Один винодел жил недалеко от Мондштадта, и там же держал свое хозяйство. Он был виноделом по отцу, а тот — по своему отцу; они выращивали виноград на холме рядом с лесом и хранили вино в подвалах своего дома.
Тот винодел был далеко не беден, но и не богат, как король; он был добр к беднякам и крестьянам, с весны по осень давал им работу, а на праздники всегда отпускал к семье. И они любили его в ответ, и всегда, если то был семейный праздник, звали его к себе: он был сиротой, мать потеряв при рождении, а отца в в день, когда ему исполнилось восемнадцать.
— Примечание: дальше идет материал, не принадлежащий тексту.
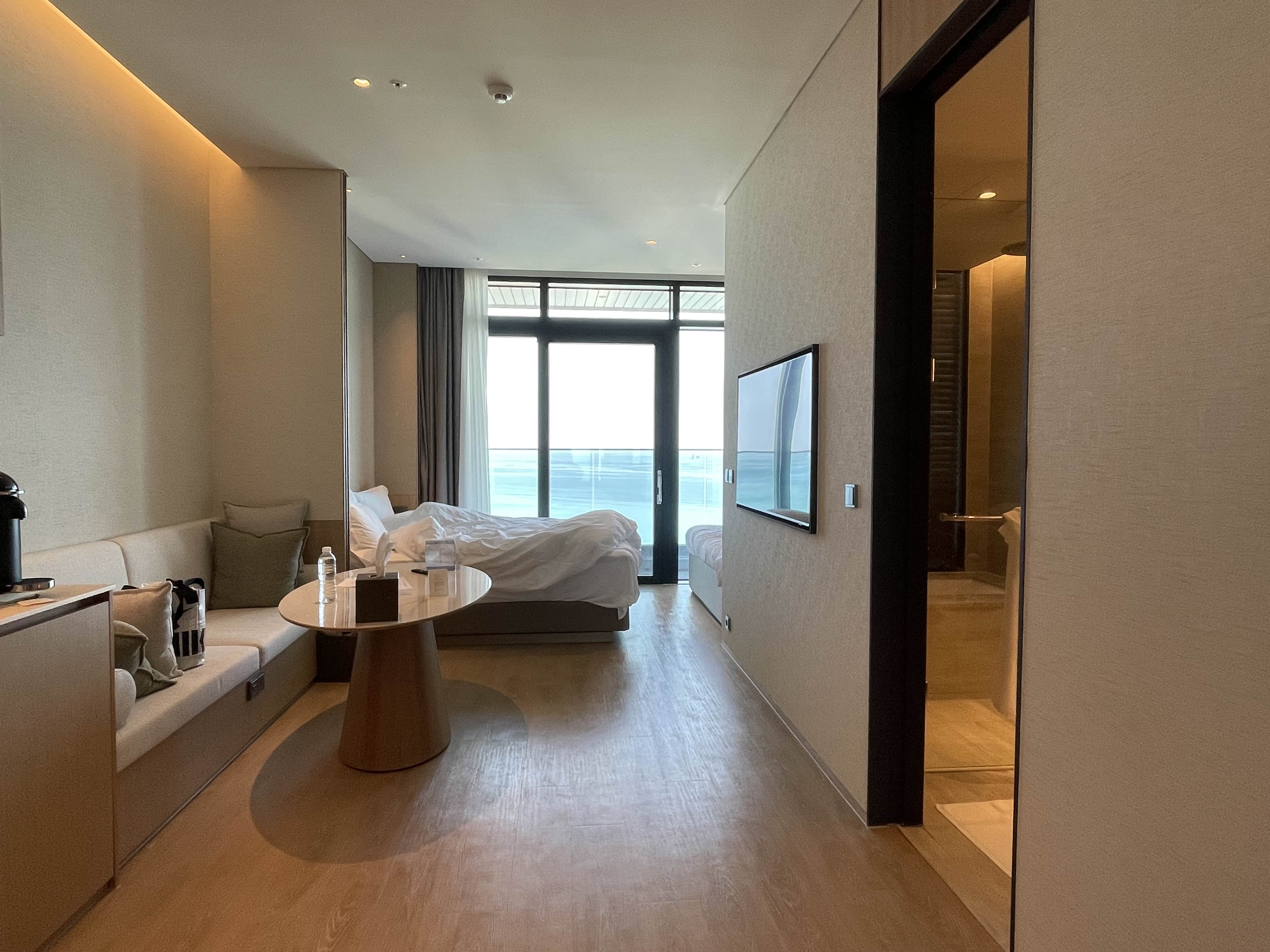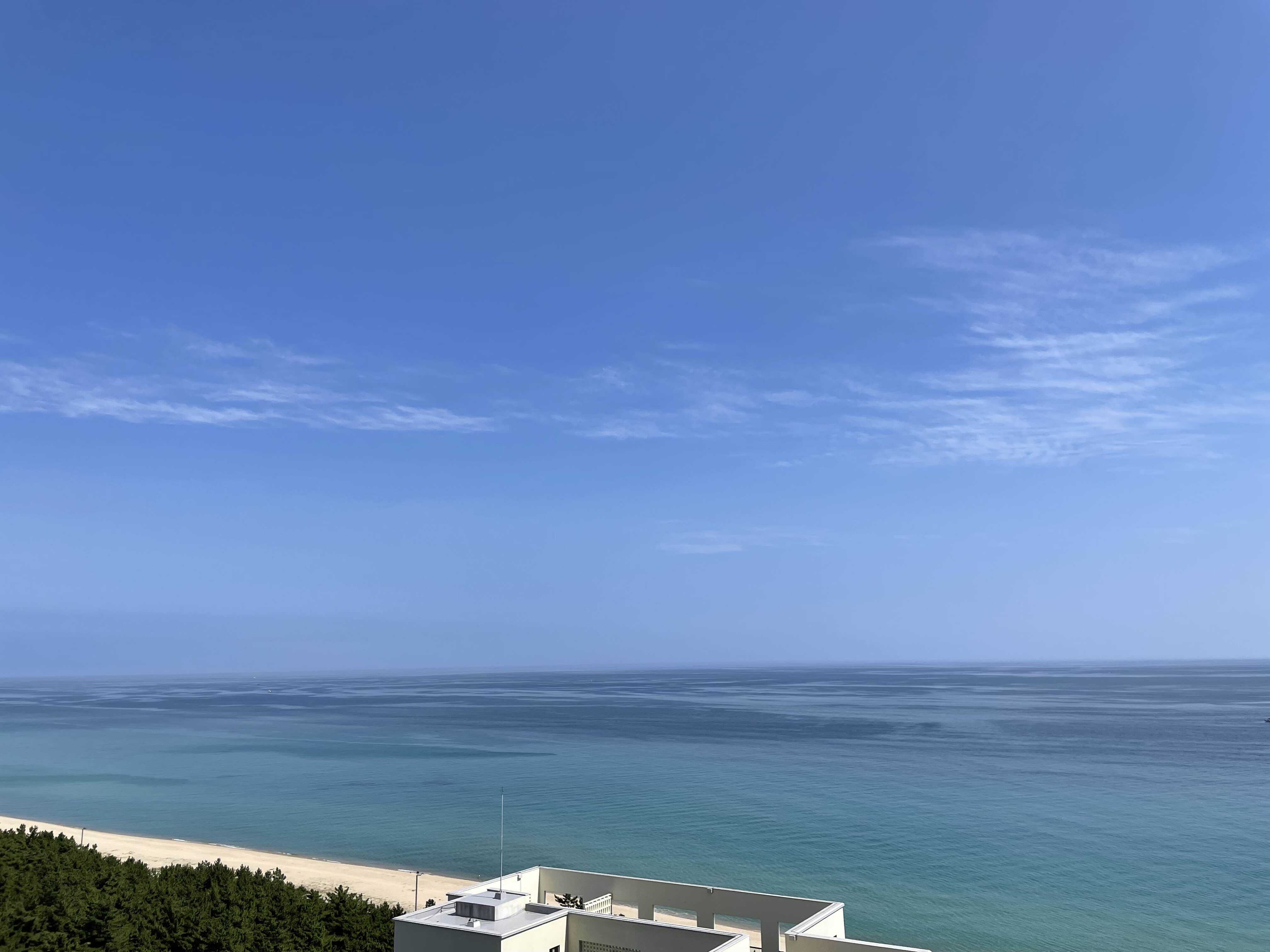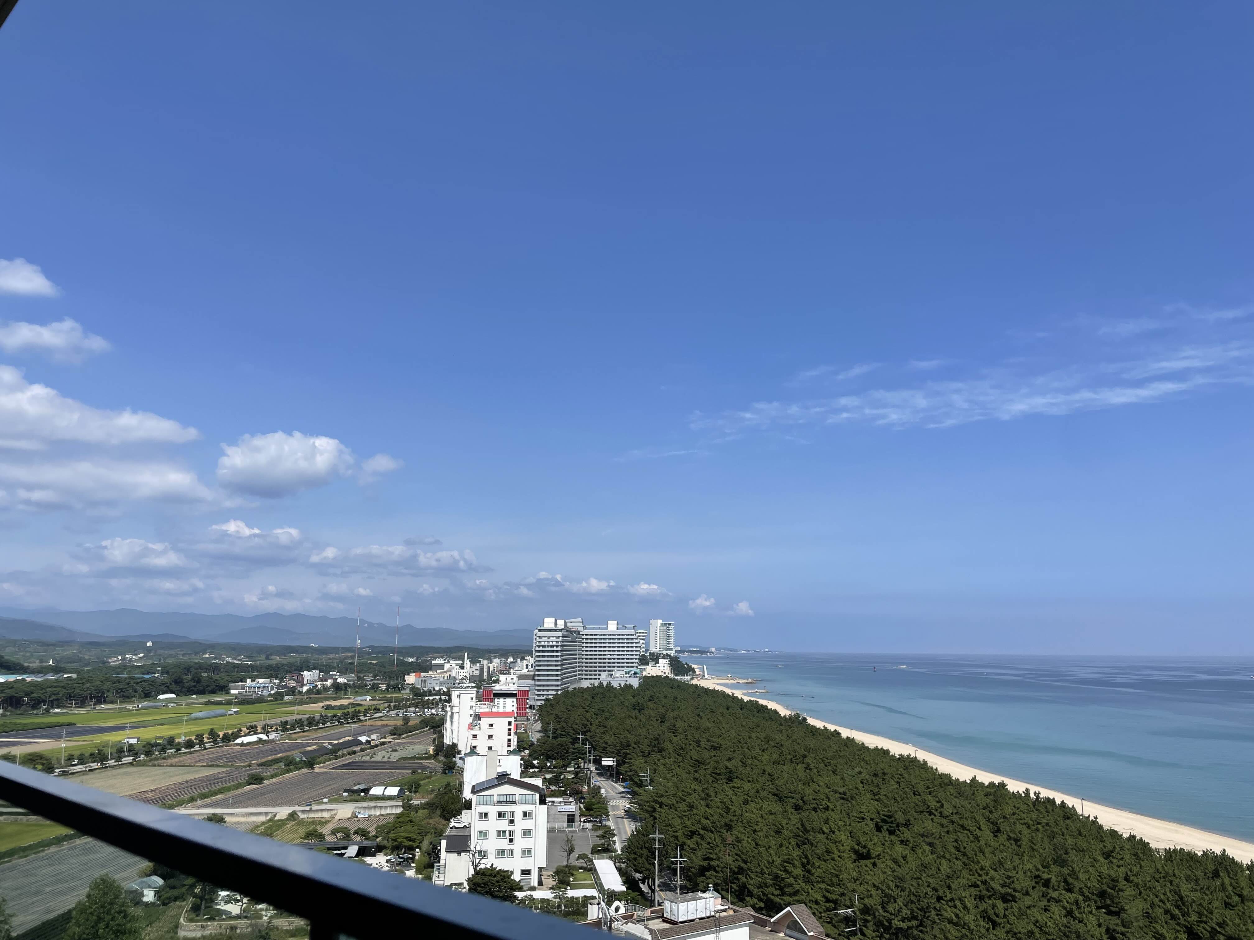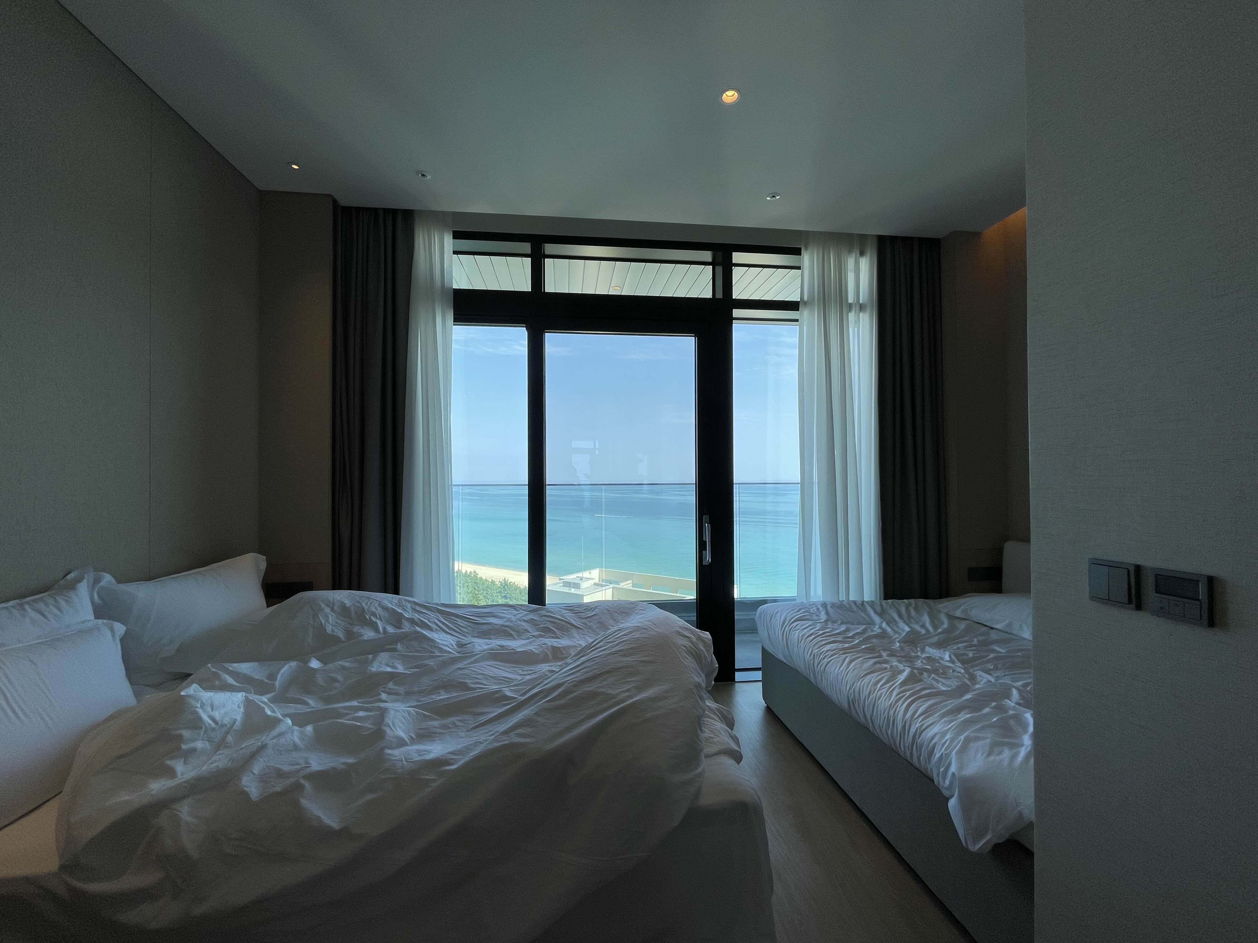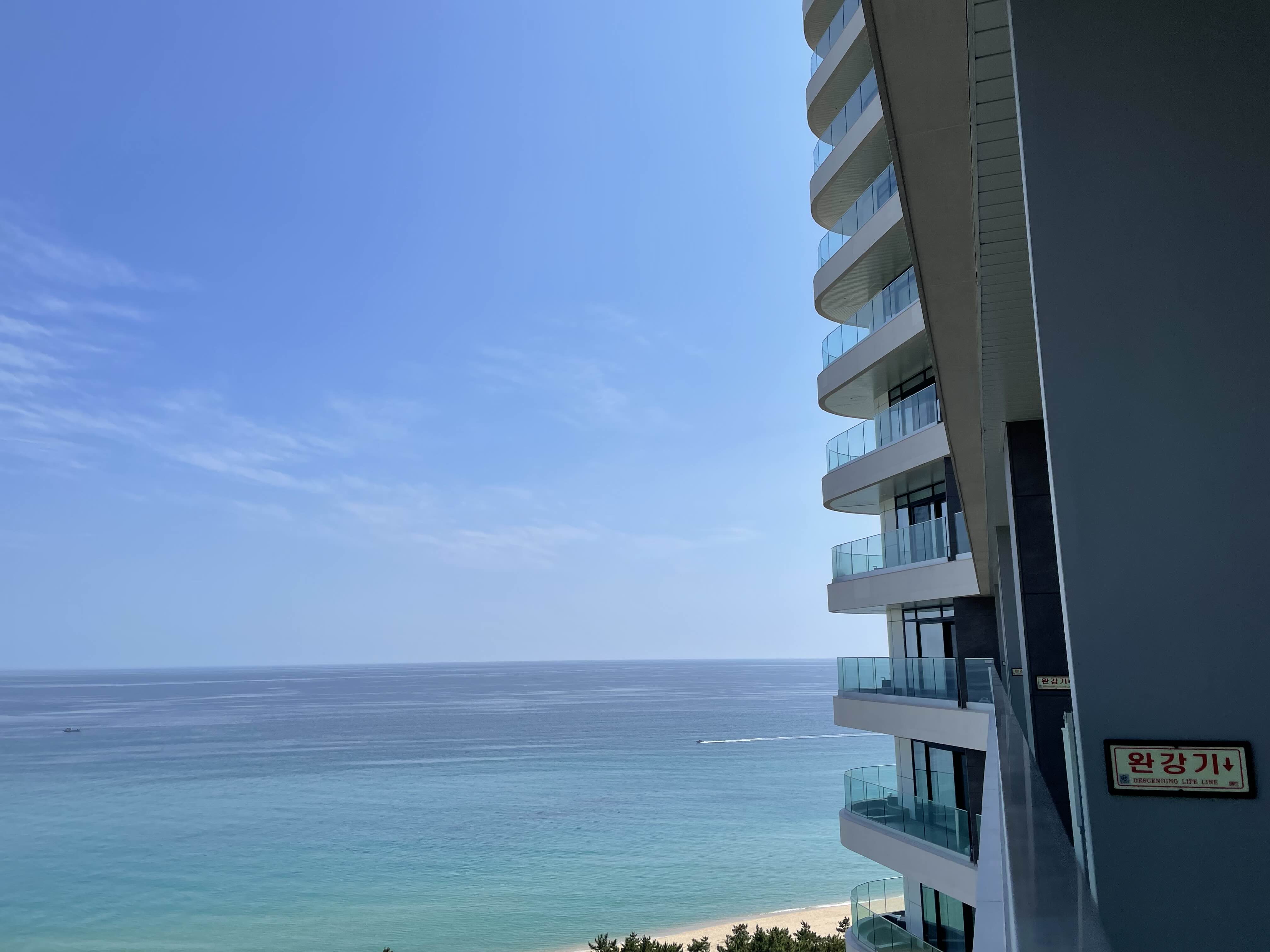 바다는 정말 고요한 바다가 한눈에 다 보이는 숨통이 트이는 뷰였어요. 아직 새거라 베란다 유리도 너무 깨끗해서 뷰를 보는데 방해가 없었어요.
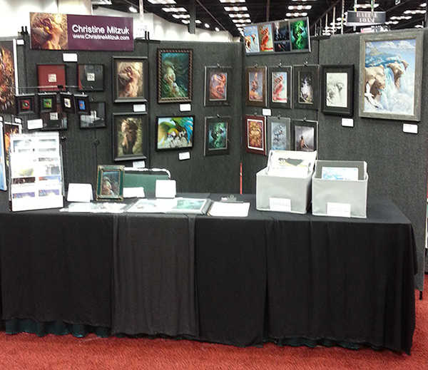 Originally my space looked like this. Bear falls drawing and painting on the left. Next my other larger framed art (canvas prints and original), then matted prints, then the dragon eye drawings. With this view, very few people noticed the Bear Falls painting. It’s pretty big so that seemed strange. I thought by putting the painting facing out to the main walkway (off the photo to the right), people might be drawn in. Not so. I don’t think it jumps out from the visual chaos that is Gen Con. Plus I think people on the main walkway had a destination in mind so weren’t sightseeing. Plus it seemed that most of the traffic was moving out of the Artist Alley toward the main walkway, not in.
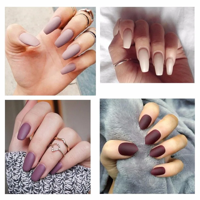 -5.Нанесите матовое верхнее покрытие, которое придаст ногтям матовый эффект, а затем закрепите УФ-лампой или светодиодный Ной лампой.
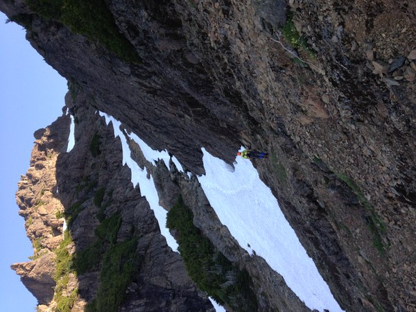 This involved crossing snow, then climbing scree in the middle, then more snow that progressively got steeper as we went up. The "hourglass" I guess is now a steep and narrow snowbridge which will likely melt out soon enough and be quite sketchy. We had relatively firm snow in the morning that allowed for kicking steps, and the gully didn't get sun until we were on our way down around 9 or 10am. At the top of the snow (hugged wall on the left side going up the snow in the photo to reach top of snow):
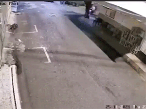 Đoạn camera an ninh của một nhà dân chỉ vọn vẹn 20 giây nhưng ghi lại khoảng khắc liều lĩnh và manh động của cặp đôi thanh niên khi bị lực lượng chức năng truy đuổi. Rất may khi quay xe bỏ trốn, đối tượng đã không gây ra hậu quả nghiêm trọng cho hai chiến sĩ CSGT

Но винодел всегда отказывался, а семейные празднества заменял работой. Дилюк его звали, и работал он явно больше тех, кто покупал его вино и нахваливал его вкус, сидя в высоких замках и золотых комнатах.
В новогодний Сочельник Дилюк всегда оставался один. Он привык к тишине своего поместья, к тому, что слуги в этот день стараются закончить все свои дела раньше, чтобы успеть до темноты дойти до дома, до своих семей. Дилюк же на их приглашения лишь печально улыбался и качал головой. Каждый раз в коридорах его дома звучали одни и те же слова:
— У меня много работы.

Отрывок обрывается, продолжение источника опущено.